How to complete this task: Exactly as written, print the lines from the top of the listing through the line containing "Plus Size Polka"; include no pictures.

Extracted data:
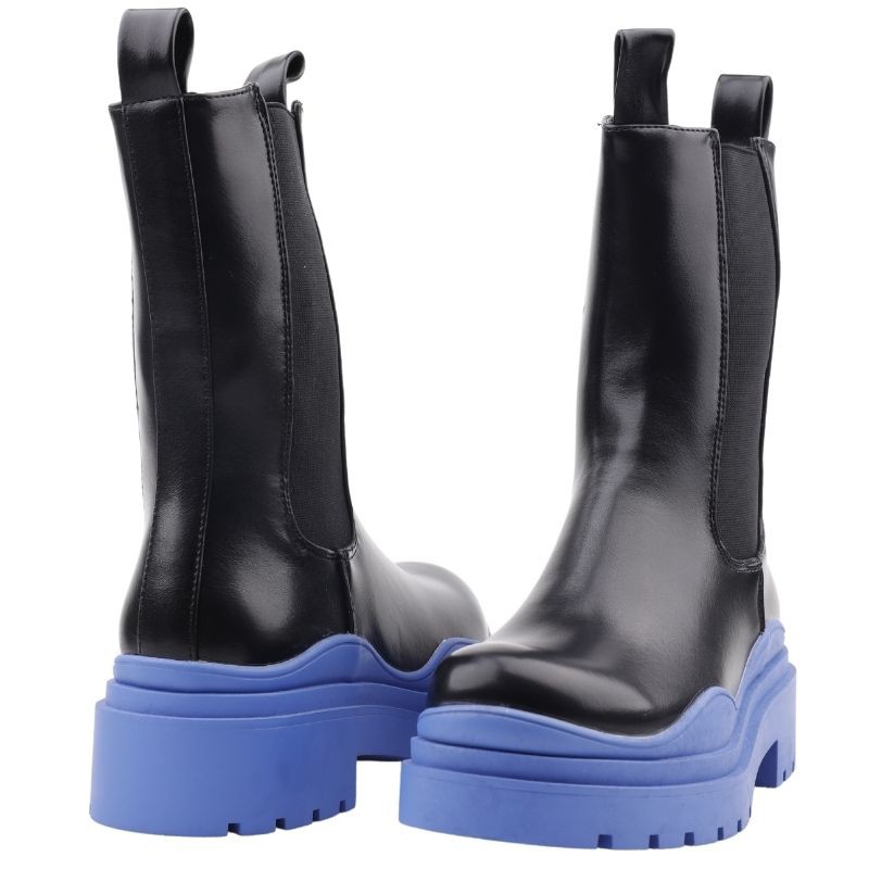 Ботинки на толстой яркой подошве со стильными вырезами. Верхняя часть выше лодыжки оснащена резиной с обеих сторон. Лента, пришитая сзади, облегчает надевание обуви. Изготовлен из экокожи, слегка утеплен внутри.
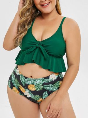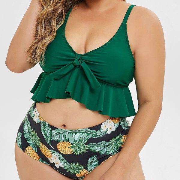 Plus Size Polka Dot Pineapple Floral Ruffle Bikini Set
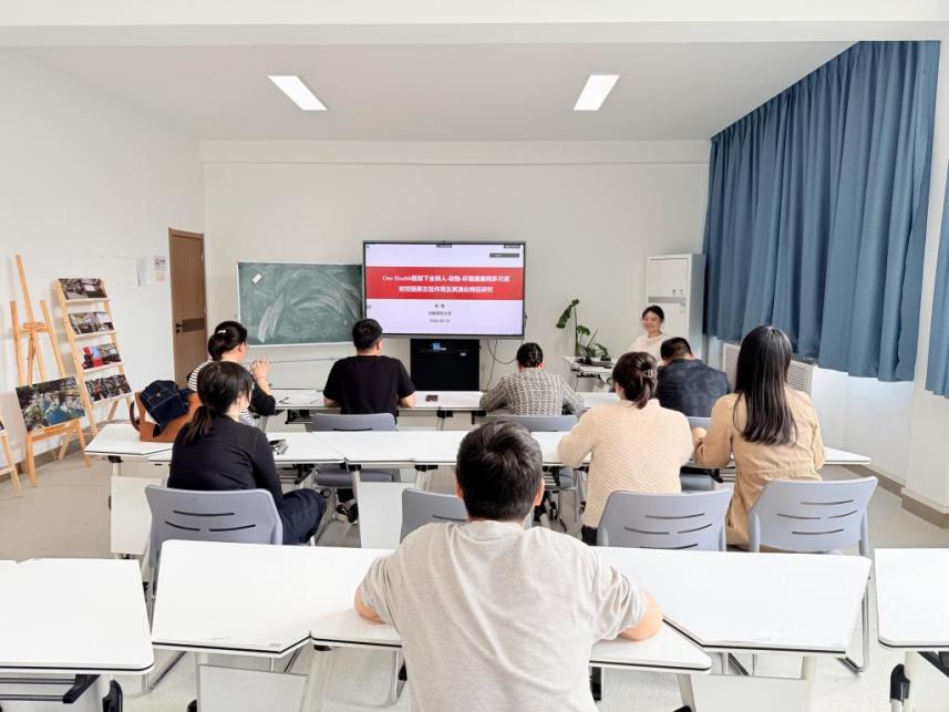会议伊始,田雅老师就其申报的国家自然科学基金项目主要内容进行汇报。她从全球新发传染病频发、人兽共患病风险加剧的背景切入,阐释了One Health理念的研究价值,介绍了项目的研究目标、核心内容、技术路线及前期研究基础。交流研讨环节,与会教师围绕项目内容展开深入讨论,从跨学科数据整合、技术路线、模型适用性、成果应用场景等多个维度提出了富有建设性的完善建议,为项目进一步优化提供了多元视角与务实路径。
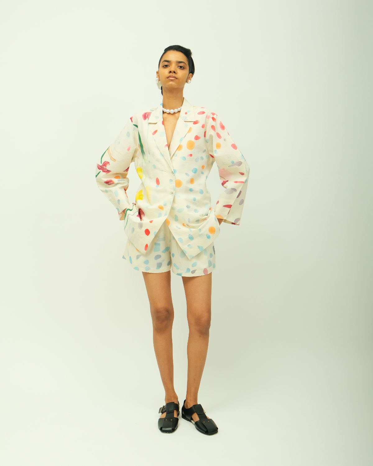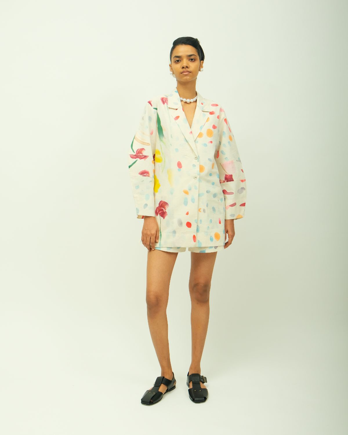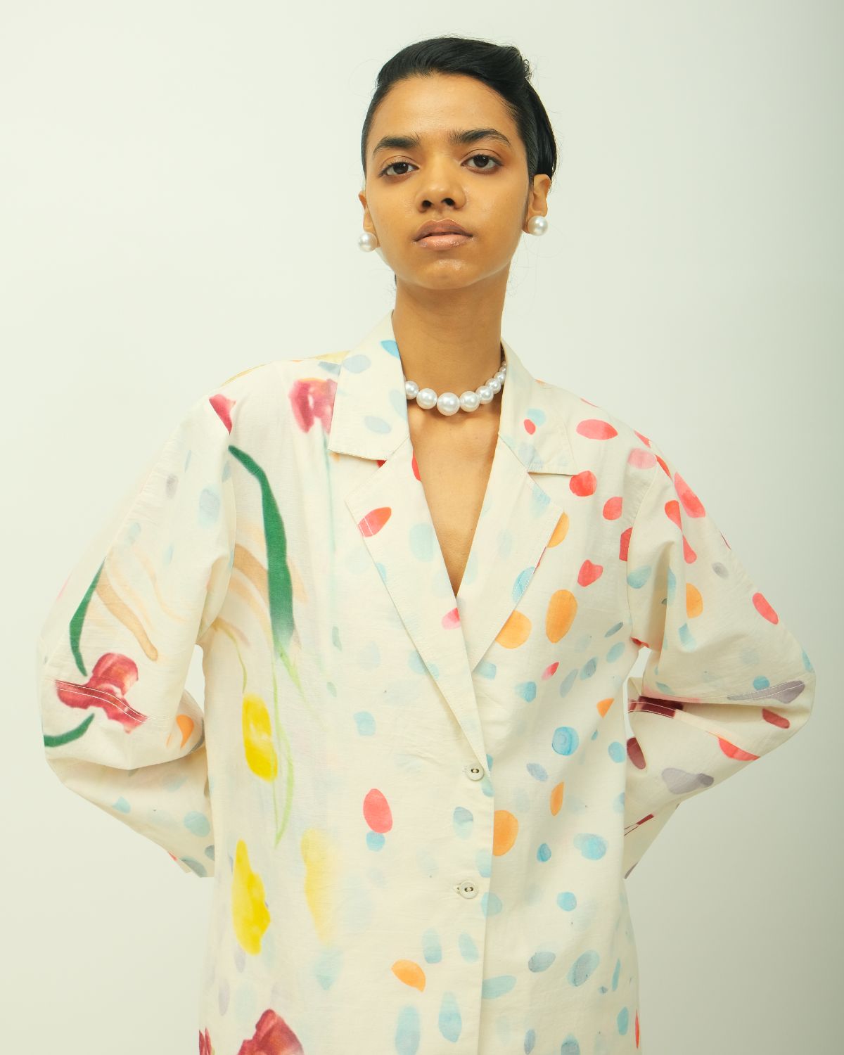 Shirt: Anti-fit silhouette featuring a V-neckline with a notched lapel collar. The garment showcases a hand-painted abstract expressionist print, digitally transferred for precision and vibrancy. Sleeves are highlighted with intricate appliqué detailing. each piece is uniquely crafted.
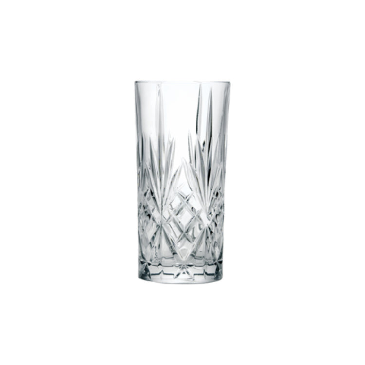 The Steelite 670RCR352 Highball Glass 12.0 Oz. (H 6" M 2-3/4" T 2-3/4" B 2-1/2") EcoCrystal is a meticulously crafted crystalline glassware piece, embodying the elegance and durability synonymous with Steelite International's renowned quality. Standing at a height of 6 inches with a maximum and top diameter of 2-3/4 inches and a base diameter of 2-1/2 inches, this highball glass is designed for stability and ease of use, making it an ideal choice for both professional and home use. With a capacity of 12.0 ounces, it is perfect for serving a variety of beverages, from cocktails to soft drinks, catering to diverse customer needs within the hospitality and culinary industry. The EcoCrystal feature highlights its environmentally conscious design, appealing to eco-friendly businesses and consumers. Manufactured by RCR Crystal, the clear, crystalline finish of the Melodia collection ensures a sophisticated presentation in any setting. This product is a stock item, conveniently packed by the dozen, which makes it a practical and accessible option for high-volume service establishments. The Steelite 670RCR352 Highball Glass combines aesthetic appeal with functional excellence, making it a versatile addition to any glassware collection.
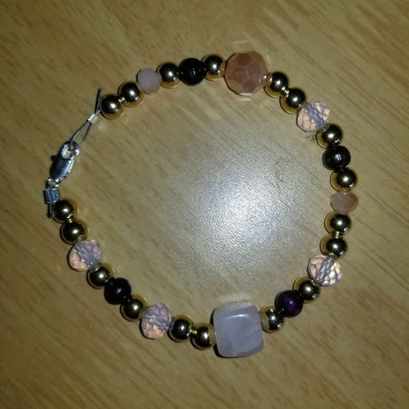 beaded bracelet with a pink stone and pink beads, 7.5inches long
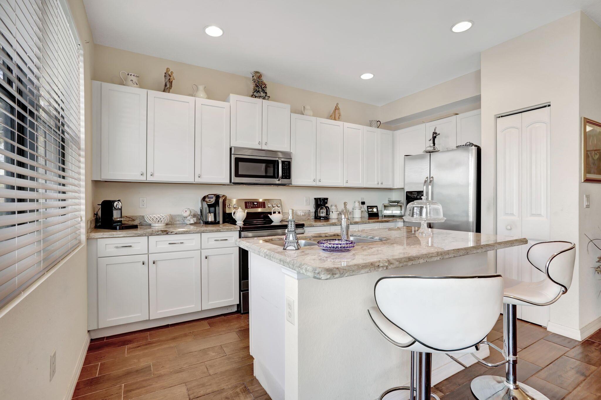 Beautifully updated 3-bed, 2.5-bath townhome in the gated community of Madison Place, Pompano Beach! Better than new! Built in 2017 with largest floor plan in the community, this home features hurricane-impact windows, 9'6'' ceilings, and serene lake views. The modern kitchen offers white cabinetry, beautiful granite counters, an island, and stainless steel appliances, with a patio off the dining area. The primary suite has a walk-in closet, plus an upstairs washer/dryer. Enjoy a 1-car garage, 2-car driveway, and low $158 HOA. Lake front community pool, gazebo, and playground. Prime location near major roads, shopping, dining, and nightlife with easy access to Palm Beach, Fort Lauderdale, and Miami. Pet-friendly!
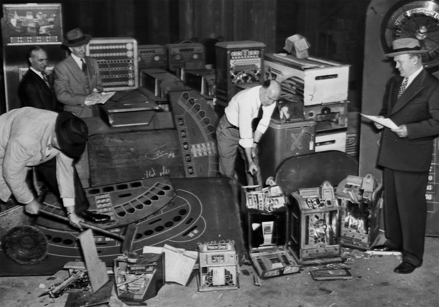 Police raid and destroy illegal gambling devices, June 23, 1948. (George Torrie/NY Daily News Archive via Getty Images)
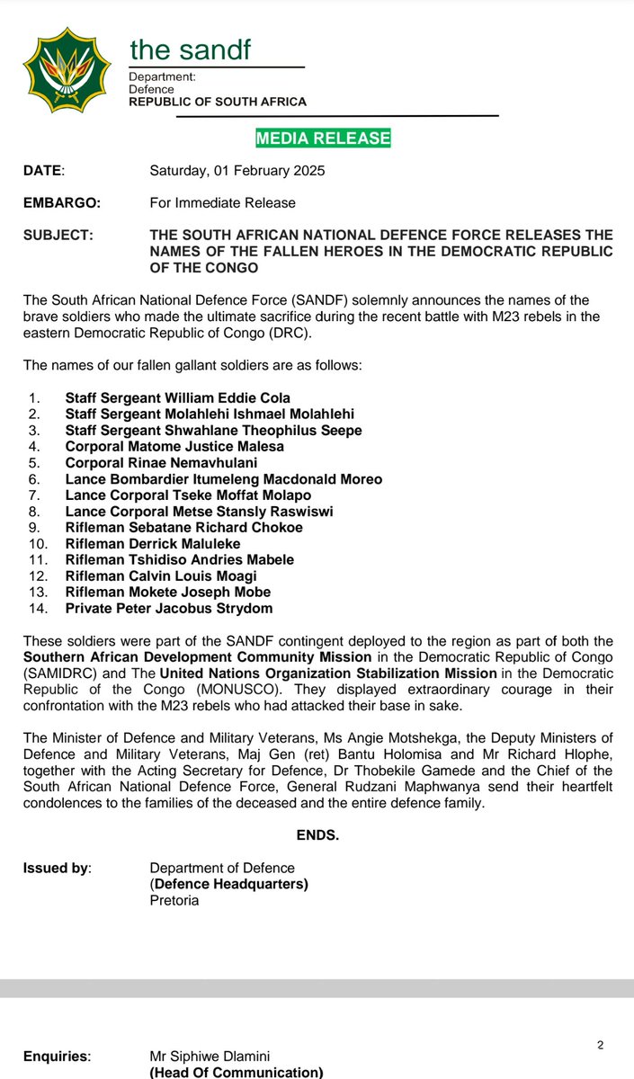 The committee further emphasized the need for robust support systems for the families of the fallen soldiers, acknowledging the profound loss these families have endured. In a move to honor the deceased, the SANDF released the full list of the soldiers who lost their lives in the DRC on Saturday, February 1, marking a tragic chapter in the countryβs ongoing involvement in regional peacekeeping efforts.
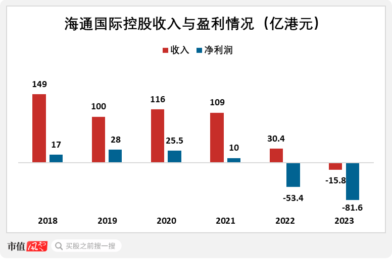 2018-2021年,海通国际每年的收入在100亿港元以上,年均盈利在20亿港元左右。2022、2023两年,海通国际控股收入分别为30亿港元、-16亿港元,而这两年合计亏损达到135亿港元,约合人民币120多亿元。
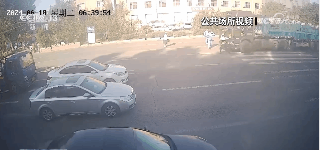 視頻顯示,6月18日早上6點(diǎn)40分左右,輔警陳作兵在長(zhǎng)春市第一O六中學(xué)校門(mén)前執(zhí)勤。突然,一輛大貨車(chē)從遠(yuǎn)處駛來(lái),不斷鳴笛。眼看就要經(jīng)過(guò)斑馬線(xiàn)卻沒(méi)有及時(shí)減速,此時(shí)學(xué)生和家長(zhǎng)正要過(guò)馬路。陳作兵看到后,立即截停車(chē)輛,貨車(chē)剎車(chē)后由于慣性將他撞得連連后退。
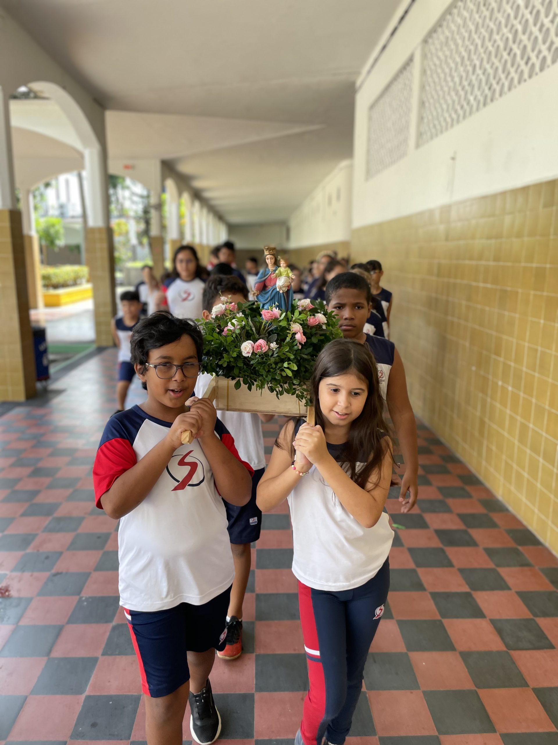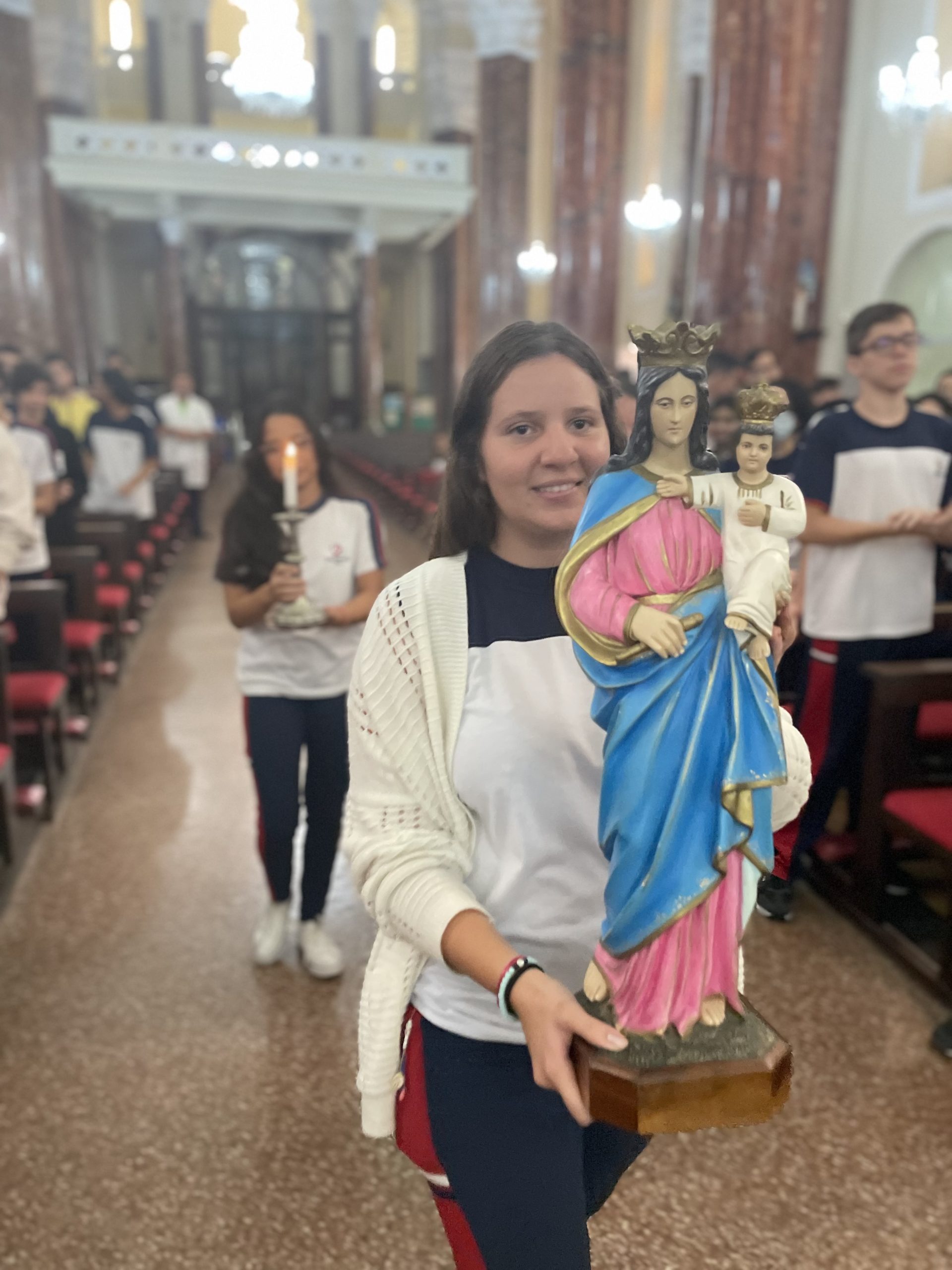 Iniciamos o mês com dois dias de festividades. Nos dias 02 e 03, pela manhã, reunimos todos os alunos na Basílica, onde foram conduzidos a refletir sobre a importância da figura de Maria, como um exemplo de virtudes como a humildade, a pureza e a generosidade.
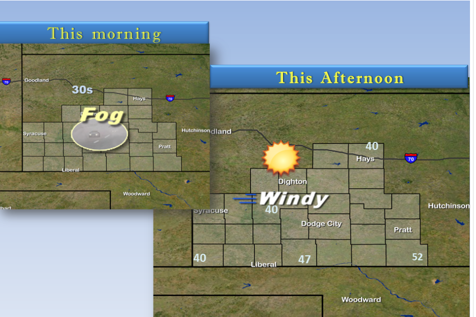 Widespread fog is forecast across the area this morning, with areas of dense fog reducing visibility to a quarter mile or less. The dense fog will dissipate through the mid morning hours as west winds develop and become windy in the 25 to 35 mph range by early afternoon. Highs will range mainly in the 40s this afternoon.
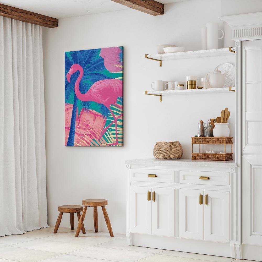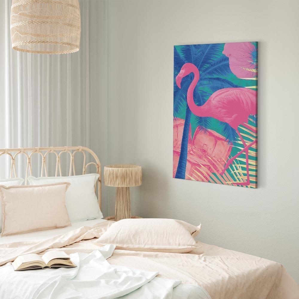 Unsere Bilder sind sicher und geruchsneutral und eignen sich daher ideal für Kinderzimmer. Die Größe wird Ihr Kind sicher beeindrucken! Bilder für Schlafzimmer sind ein echter Blickfang, genauso wie Bilder Wohnzimmer. Dekorieren Sie die Wände in Ihrem privaten Bereich mit einem Bild "Leinwandbild - Pink Flamingo - Abstract Flamingo Against Palms and Ice Cubes". Wir empfehlen Bilder für Schlafzimmer , die Sie beruhigen und in eine erholsame Stimmung versetzen. Bilder aus unserer Kollektion werden Ihrem Interieur eine außergewöhnliche Atmosphäre verleihen. Unabhängig vom Raum schaffen auch Kunst Bilder eine gemütliche Atmosphäre für die Gäste. Massive Holzrahmen unterstreichen den einzigartigen Charakter der Schlafzimmerbilder, und ein schneller und sicherer Versand ist ein weiterer Vorteil, der für diese Wanddekorationen spricht Leinwandbilder sind in fünf Varianten erhältlich, sodass jeder Kunde die perfekte Option für seine Bedürfnisse findet.Die Variante auf Strukturleinwand (Standard) ist eine universelle Dekoration, die das Haushaltsbudget nicht belastet.Für Liebhaber edler Materialien ist ein Druck auf italienischer Leinwand aus 100 % Baumwolle die ideale Wahl.Und für Fans der Malerei? Hier überzeugt die außergewöhnliche Premium-Print-Technik – ein Bild, das auf Strukturleinwand gedruckt und von Hand mit einer Schicht transparenten Gels überzogen wird, die die Pinselstriche eines Künstlers imitiert – ein „wie gemalt“-Effekt, aber zu einem günstigeren Preis.Die Variante im soliden Holzrahmen des Typs American Box mit Tiefeneffekt (zwei Rahmenfarben zur Auswahl, Motiv auf Strukturleinwand gedruckt) bietet eine klassische Lösung in neuer Form.Das Akustikbild (Druck auf Strukturleinwand mit einer zusätzlichen Schicht schallabsorbierendem Schaumstoff) ist dagegen ein Volltreffer für alle, die Ästhetik mit Funktionalität verbinden möchten.Zwar sind die beiden letzten Optionen nur für bestimmte Größen von einteiligen Bildern verfügbar, doch bei allen Varianten legen wir GRATIS die erforderliche Anzahl an Haken und Nägeln zur Montage bei.

Output of the task:
 Ботинки на толстой яркой подошве со стильными вырезами. Верхняя часть выше лодыжки оснащена резиной с обеих сторон. Лента, пришитая сзади, облегчает надевание обуви. Изготовлен из экокожи, слегка утеплен внутри.
 Plus Size Polka Dot Pineapple Floral Ruffle Bikini Set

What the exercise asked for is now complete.